Pada saat ini, tatapan Senior White tertuju pada suatu titik di belakang Shuhang.

“Ada apa, Senior White?” tanya Shuhang.

“Isi seperti apa yang kau inginkan?” tanya Senior White tiba-tiba.

“Kau masih memikirkan roti? Bagaimana kalau roti isi iblis hati?” Shuhang bercanda.

“Aku tidak berbicara padamu,” jawab Senior White.

“???” Shuhang bingung.

Senior White memberikan Shuhang roti isi iblis batin dan kemudian meletakkan roti isi ‘jahat’ lainnya di belakangnya. Sebuah suara lembut di belakang Shuhang mengucapkan terima kasih kepada Senior White.

Saat itulah Shuhang memperhatikan seorang peri melayang di udara, setengah berbaring di punggungnya dan berkibar seperti bendera. Peri itu meletakkan tangannya di bahu Shuhang dan menyandarkan dagunya di kepalanya sambil menggigit roti.

“Selamat Tahun Baru sebelumnya, Shuhang,” kata peri itu dengan manis.

“Selamat Tahun Baru,” jawab Shuhang, merasakan kedekatan yang tak dapat dijelaskan dengannya.
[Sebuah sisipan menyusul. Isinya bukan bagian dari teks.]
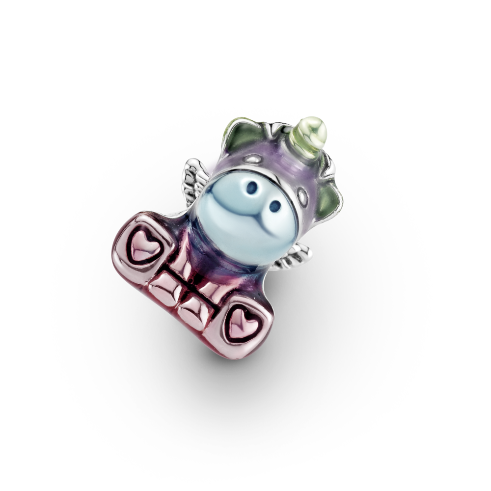 Pokaż wszystkie kolory swojej osobowości charmsem Kolorowa tęcza i Jednorożec Bruno. Cieniowana tęcza została pomalowana ręcznie bladoróżową, błękitną, lawendową i zieloną emalią. Jednorożec ma kopytka ozdobione na spodzie sercami oraz polerowany na błysk róg, grzywę, skrzydła i ogon.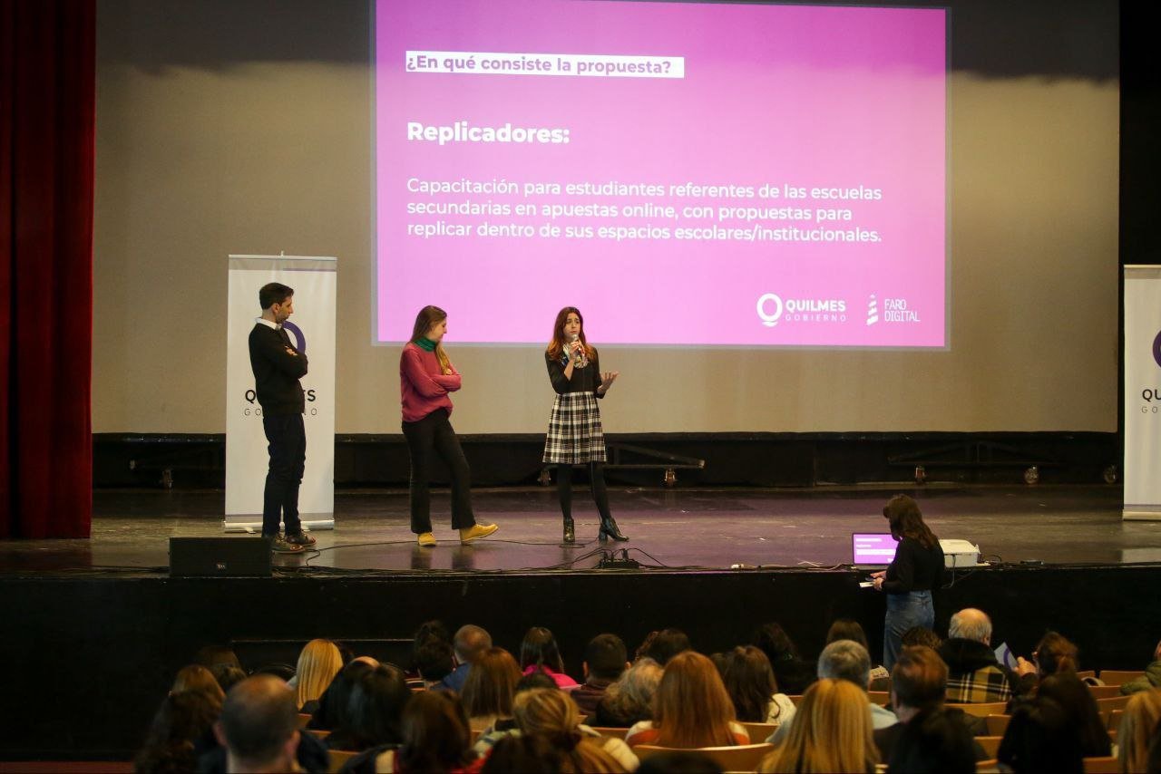 La intendenta de Quilmes, Mayra Mendoza, encabezó este viernes el lanzamiento del programa municipal de abordaje de las apuestas online en la adolescencia “No te ganes un problema”, una política pública intersectorial que se lleva adelante junto a la ONG Faro Digital y que promueve la articulación con las escuelas de la ciudad para capacitar a directivos y docentes en la temática.

“Hadiah apa yang kau inginkan tahun ini?” tanya Shuhang dengan santai.

“Hadiah apa yang kau inginkan tahun ini?” peri itu mengulangi, pikiran mereka tampaknya sinkron.

“Lupakan saja. Aku akan memikirkan hadiah sendiri,” peri itu melambaikan tangannya dengan acuh.

Shuhang tersenyum tipis dan mengangguk. Peri itu merasa sedih sekaligus bahagia saat ia mencatat, “Seiring meningkatnya ranahmu, hubungan kita semakin dalam. Segera, pikiran kita mungkin akan sepenuhnya sinkron.”

“Kau dan aku adalah satu,” Shuhang mengingat kalimat yang pernah didengarnya selama ‘Eksekusi Tiga Mayat’.

“Salah. Kau dan aku adalah satu, tetapi kita bukan satu,” koreksi peri itu, sambil menggigit rotinya dengan lahap.

Master Paviliun Chu bingung dengan percakapan mereka.

Setelah beberapa saat, Kaisar Agung Utara menyelesaikan komunikasi jarak jauhnya. “Sahabat kecil Shuhang, kita telah mencapai kesepakatan. Dunia Batinmu dapat menyerap Dao Kota Surgawi, tetapi selama ritual, mohon kendalikan sebisa mungkin. Apakah itu baik-baik saja?”

“Senior Beifang, saya akan berusaha sebaik mungkin untuk membantu,” Shuhang setuju.

“Kalau begitu sudah diputuskan. Saya akan melakukan beberapa penyesuaian pada fragmen Kota Surgawi agar sesuai dengan Dunia Batin Anda,” kata Kaisar Agung Utara, sambil mengangguk ke arah Ah Gui-nya.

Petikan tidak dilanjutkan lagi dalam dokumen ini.